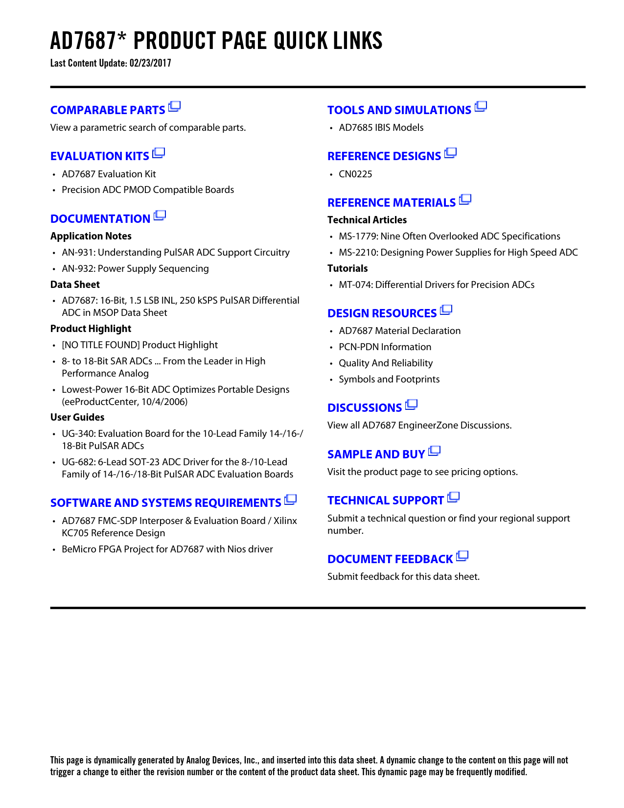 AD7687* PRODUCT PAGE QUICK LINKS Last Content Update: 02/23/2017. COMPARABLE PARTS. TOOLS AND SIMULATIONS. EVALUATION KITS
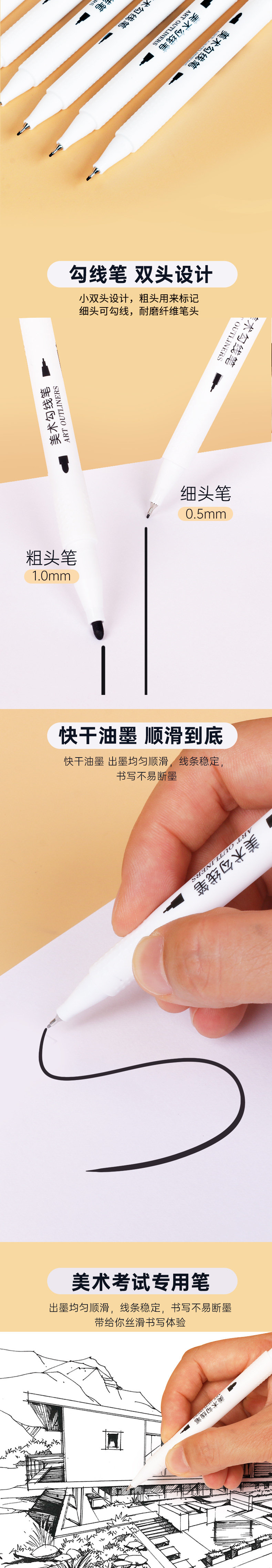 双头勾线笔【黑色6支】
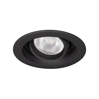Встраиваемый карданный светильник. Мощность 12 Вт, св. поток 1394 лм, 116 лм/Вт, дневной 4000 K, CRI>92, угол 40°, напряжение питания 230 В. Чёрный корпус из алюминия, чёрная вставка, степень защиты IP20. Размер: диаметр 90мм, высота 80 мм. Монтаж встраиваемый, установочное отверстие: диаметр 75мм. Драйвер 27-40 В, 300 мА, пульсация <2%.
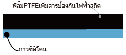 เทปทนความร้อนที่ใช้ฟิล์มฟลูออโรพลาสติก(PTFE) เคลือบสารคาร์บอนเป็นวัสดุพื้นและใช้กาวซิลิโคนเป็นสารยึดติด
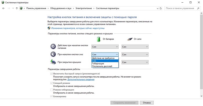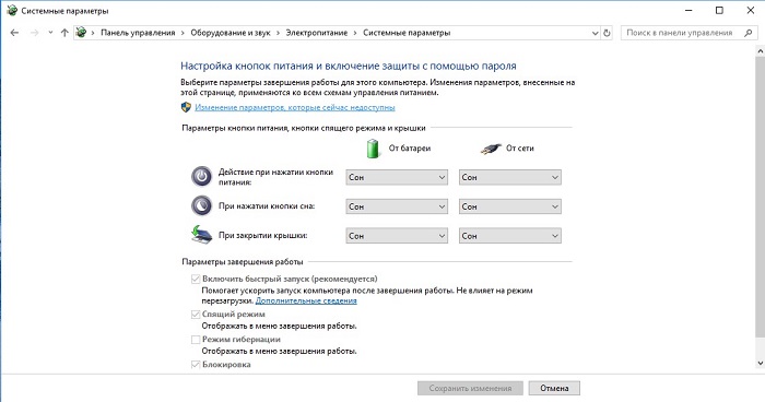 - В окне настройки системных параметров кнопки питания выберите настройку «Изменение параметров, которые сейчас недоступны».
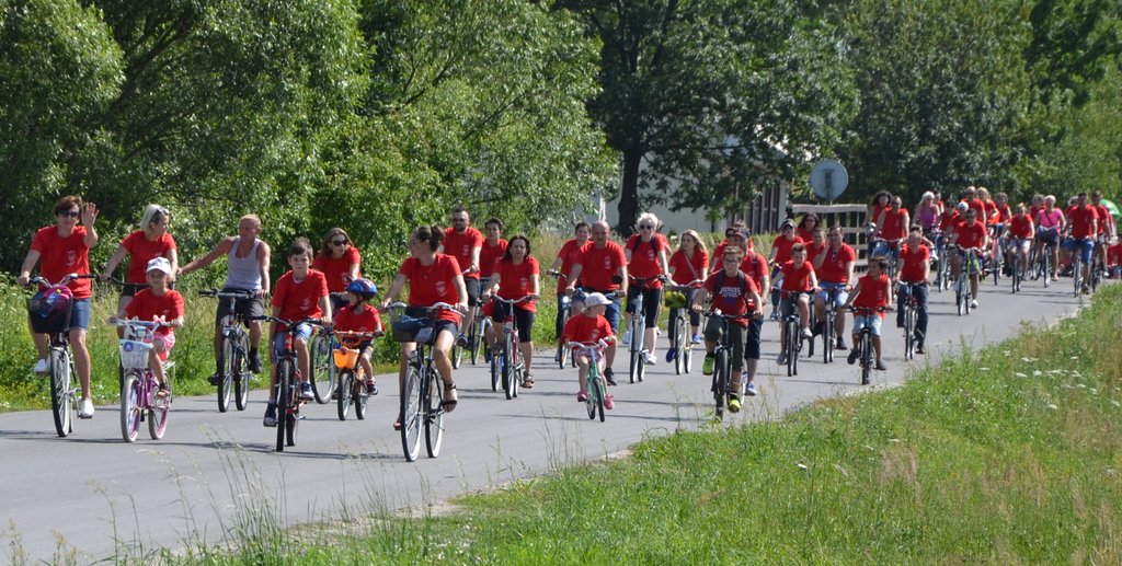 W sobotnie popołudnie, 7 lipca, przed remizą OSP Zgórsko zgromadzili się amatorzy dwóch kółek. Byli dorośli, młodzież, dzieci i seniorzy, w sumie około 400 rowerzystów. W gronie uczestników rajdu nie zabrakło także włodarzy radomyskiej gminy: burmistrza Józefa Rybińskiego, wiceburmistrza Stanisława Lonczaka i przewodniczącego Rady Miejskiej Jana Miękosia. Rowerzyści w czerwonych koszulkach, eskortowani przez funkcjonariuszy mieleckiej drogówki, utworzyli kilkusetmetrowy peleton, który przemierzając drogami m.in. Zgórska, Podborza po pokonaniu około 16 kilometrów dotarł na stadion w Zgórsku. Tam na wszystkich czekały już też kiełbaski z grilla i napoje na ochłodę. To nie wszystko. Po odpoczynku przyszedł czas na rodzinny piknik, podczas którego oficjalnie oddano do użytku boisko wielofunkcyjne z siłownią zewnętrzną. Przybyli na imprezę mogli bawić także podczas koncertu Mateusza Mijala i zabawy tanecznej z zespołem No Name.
* * *
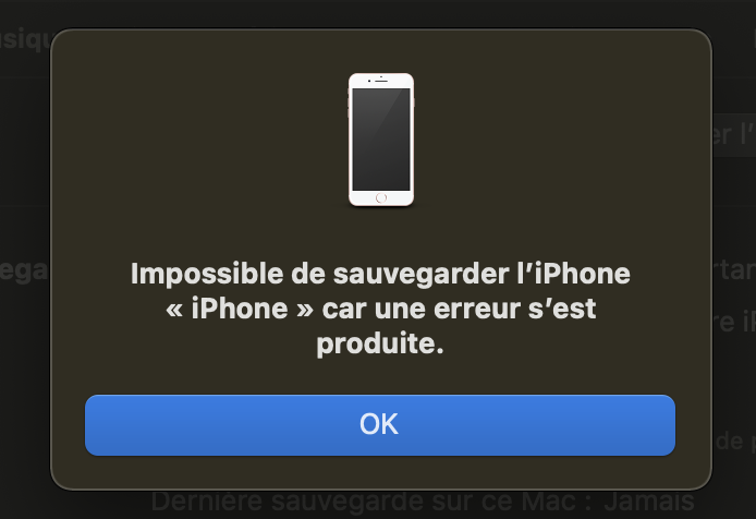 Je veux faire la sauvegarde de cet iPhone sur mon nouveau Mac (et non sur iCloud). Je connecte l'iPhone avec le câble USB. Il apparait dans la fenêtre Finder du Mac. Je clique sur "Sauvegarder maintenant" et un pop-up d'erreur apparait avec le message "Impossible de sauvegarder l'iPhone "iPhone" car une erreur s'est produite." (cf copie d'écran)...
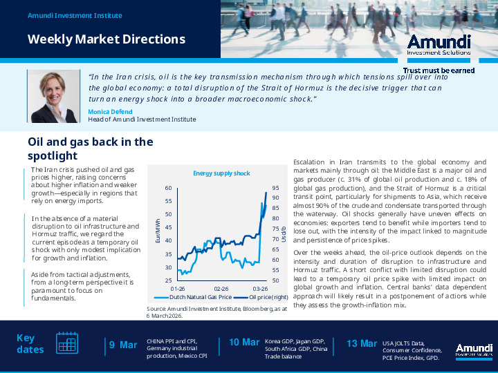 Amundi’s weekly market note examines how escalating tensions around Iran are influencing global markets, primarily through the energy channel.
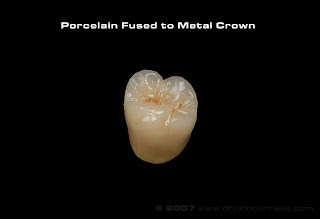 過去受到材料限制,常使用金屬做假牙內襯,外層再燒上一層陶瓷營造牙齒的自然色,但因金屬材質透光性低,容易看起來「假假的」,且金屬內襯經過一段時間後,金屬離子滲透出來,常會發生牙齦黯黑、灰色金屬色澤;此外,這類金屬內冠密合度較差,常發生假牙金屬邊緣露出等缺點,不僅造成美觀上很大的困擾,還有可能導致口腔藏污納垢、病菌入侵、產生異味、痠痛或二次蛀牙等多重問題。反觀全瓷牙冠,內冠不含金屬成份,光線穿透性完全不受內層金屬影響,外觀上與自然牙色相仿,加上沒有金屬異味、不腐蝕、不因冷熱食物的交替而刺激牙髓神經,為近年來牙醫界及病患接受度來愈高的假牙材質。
* * *
→ **Activity**
Now transcribe the lines above exactly, starting at the line containing "AD7687* PRODUCT PAGE" and ending at the line containing "双头勾线笔【黑色6支】", both lines included, pictures excluded.

→ **Result**
 AD7687* PRODUCT PAGE QUICK LINKS Last Content Update: 02/23/2017. COMPARABLE PARTS. TOOLS AND SIMULATIONS. EVALUATION KITS
 双头勾线笔【黑色6支】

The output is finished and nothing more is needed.